On 45-minute tours of Lion Coffee's Honolulu plant, guests learn the history of the company and the process of making coffee from beginning to end. "So seeing it go from, you know, a green bean on a pallet in a bag to get roasted in a big machine, and then also just smelling the roasted coffee the whole tour, too," said Lion Coffee tour guide Makana David.

The roastery tour takes guests inside Lion Coffee’s plant.
The roastery tour takes guests inside Lion Coffee’s plant. Photo Credit: Hallie Thompson

"We show you our Lion Coffee Museum," David said. "You get to see our roastery and just the behind the scenes of how Lion Coffee came about and how we package the beans, the different brands that we help source coffee for. It's a great experience. It's like Willy Wonka's coffee factory, so it's pretty fun."

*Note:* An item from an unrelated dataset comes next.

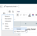 | Reporte vinculado | Vincule otro reporte a este reporte. Un ícono de vínculo en la celda indica que la celda ya está vinculada a otro reporte. Consulte Vincular un reporte a otro reporte. |

Lion Coffee was started in the continental U.S. in the 1860s. Then, it was "purchased by a guy named James Delano, and he brought Lion Coffee from Toledo, Ohio, to Hawaii in the late 1900s," David said. 

Many people recognize the brand by its familiar lion logo.

The company sources beans from all over the world, including local farms in Kona on the Big Island. "In order for it to be considered a Kona bag of coffee, it has to have 10% of Kona in it, but we sell 100% Kona coffee," David said. "Coffee connoisseurs consider Kona coffee ... the bean, to be the top three in the world."

At its museum, Lion Coffee displays memorabilia going back to the 1800s, including old coffee mugs and old logos. After the tour, guests get to sample the coffee. They also receive a keychain that they can only get on the tour.

The roasting tour costs $10 per person and they are limited to six guests per tour. It's available in English and Japanese. English tours are held at 10 a.m. and 1 p.m. on Wednesdays and Fridays.

Correction: The images should be credited to Hallie Thompson; an incorrect credit appeared in an earlier version of this article.